BEGIN Records to use

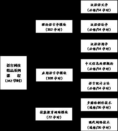 三个课群合计342学时。其中,理论语言学课群162学时;应用语言学课群108学时;技能教育训练课群72学时。各个课群对应的课程内容及其学时如下:
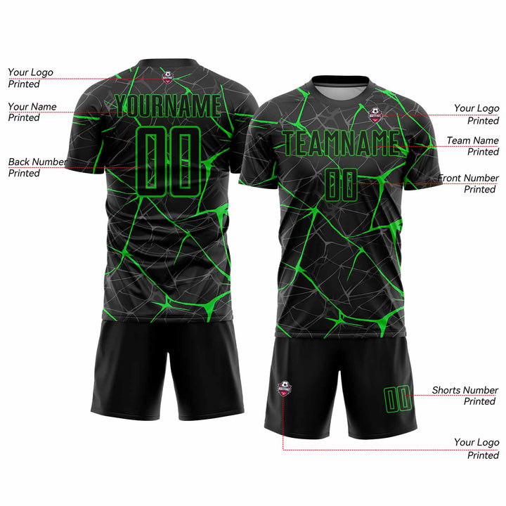 Custom Black Neon Green Classic Uniform Training Sets Soccer Jersey For Adults/Kids
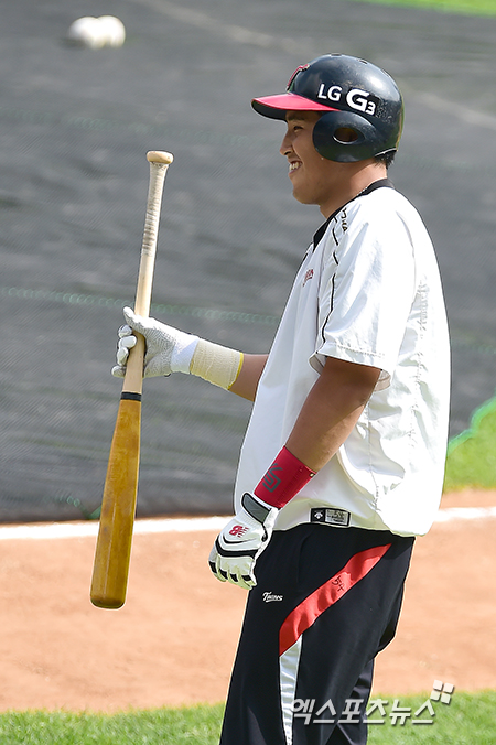 [엑스포츠뉴스=김한준 기자] 13일 오후 서울 송파구 잠실야구장에서 열린 '2014 한국야쿠르트 세븐 프로야구' SK 와이번스와 LG 트윈스 경기, 경기 전 LG 채은성이 타격 훈련 전 배트를 돌리고 있다.
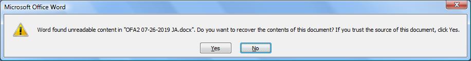 Although Word complains, if I tell it to proceed the document will open, although I get the following message...
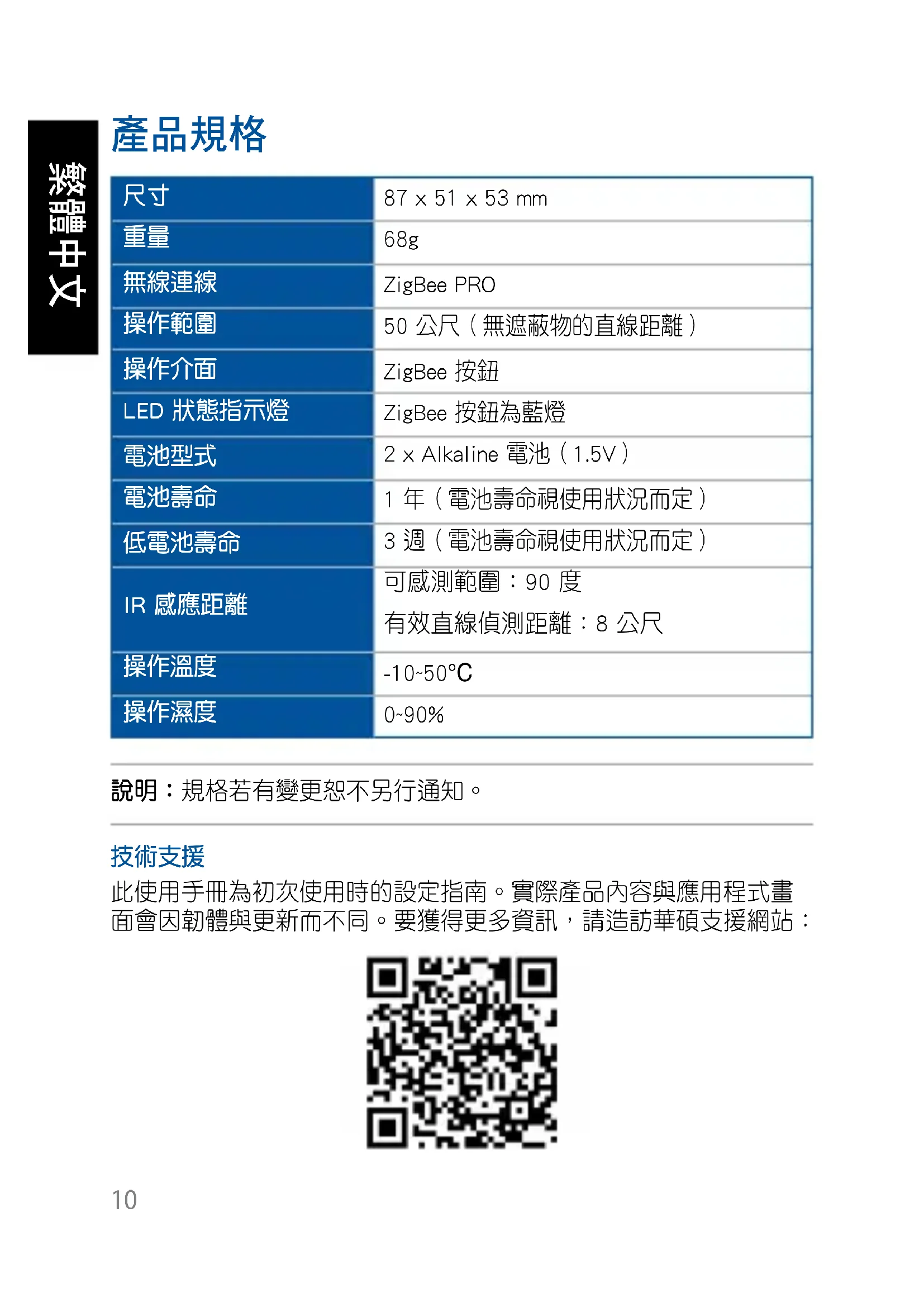 IR 動作感應器 可通過 IR 科技偵測動作。此設備的偵測範圍為 ±90 度, 平放有效偵測距離為 8 公尺。 ZigBee 按鈕 按下以與智慧管家連線。按住約 5 秒以重置設備。 說明:請確認重置華碩智慧家庭設備並將設備從專屬應用
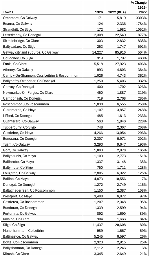 Table 1 below shows the population of Western Region towns which were larger than 1,500 in 2022 (and hence classified as urban). The fastest growing are mostly dormitory towns around Galway, Sligo and Limerick, although Letterkenny showed exceptional growth too with an increase from 2,308 in 1926 to 22,549 in 2022. Interestingly, in 1926 Buncrana (2,307 in 1926) was the same size as Letterkenny, while Ballyshannon (2,112) was almost the same. In the last century while Letterkenny grew by 877%, the population of Buncrana grew by 202% (to 6,971 in 2022) and Ballyshannon has struggled to maintain population with only 6% growth between 1926 and 2022 (2,246 in 2022), the second lowest for a Western Region town.
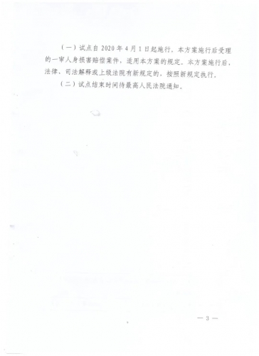 (一)试点自2020年4月1日起施行。本方案施行后受理的一审人身损害赔偿案件,适用本方案的规定。本方案施行后,法律、司法解释或上级法院有新规定的,按照新规定执行。

END Records to use

# What you should do
Type the records out again in full, exactly, with each picture omitted.

# Response to this exercise
 三个课群合计342学时。其中,理论语言学课群162学时;应用语言学课群108学时;技能教育训练课群72学时。各个课群对应的课程内容及其学时如下:
 Custom Black Neon Green Classic Uniform Training Sets Soccer Jersey For Adults/Kids
 [엑스포츠뉴스=김한준 기자] 13일 오후 서울 송파구 잠실야구장에서 열린 '2014 한국야쿠르트 세븐 프로야구' SK 와이번스와 LG 트윈스 경기, 경기 전 LG 채은성이 타격 훈련 전 배트를 돌리고 있다.
 Although Word complains, if I tell it to proceed the document will open, although I get the following message...
 IR 動作感應器 可通過 IR 科技偵測動作。此設備的偵測範圍為 ±90 度, 平放有效偵測距離為 8 公尺。 ZigBee 按鈕 按下以與智慧管家連線。按住約 5 秒以重置設備。 說明:請確認重置華碩智慧家庭設備並將設備從專屬應用
 Table 1 below shows the population of Western Region towns which were larger than 1,500 in 2022 (and hence classified as urban). The fastest growing are mostly dormitory towns around Galway, Sligo and Limerick, although Letterkenny showed exceptional growth too with an increase from 2,308 in 1926 to 22,549 in 2022. Interestingly, in 1926 Buncrana (2,307 in 1926) was the same size as Letterkenny, while Ballyshannon (2,112) was almost the same. In the last century while Letterkenny grew by 877%, the population of Buncrana grew by 202% (to 6,971 in 2022) and Ballyshannon has struggled to maintain population with only 6% growth between 1926 and 2022 (2,246 in 2022), the second lowest for a Western Region town.
 (一)试点自2020年4月1日起施行。本方案施行后受理的一审人身损害赔偿案件,适用本方案的规定。本方案施行后,法律、司法解释或上级法院有新规定的,按照新规定执行。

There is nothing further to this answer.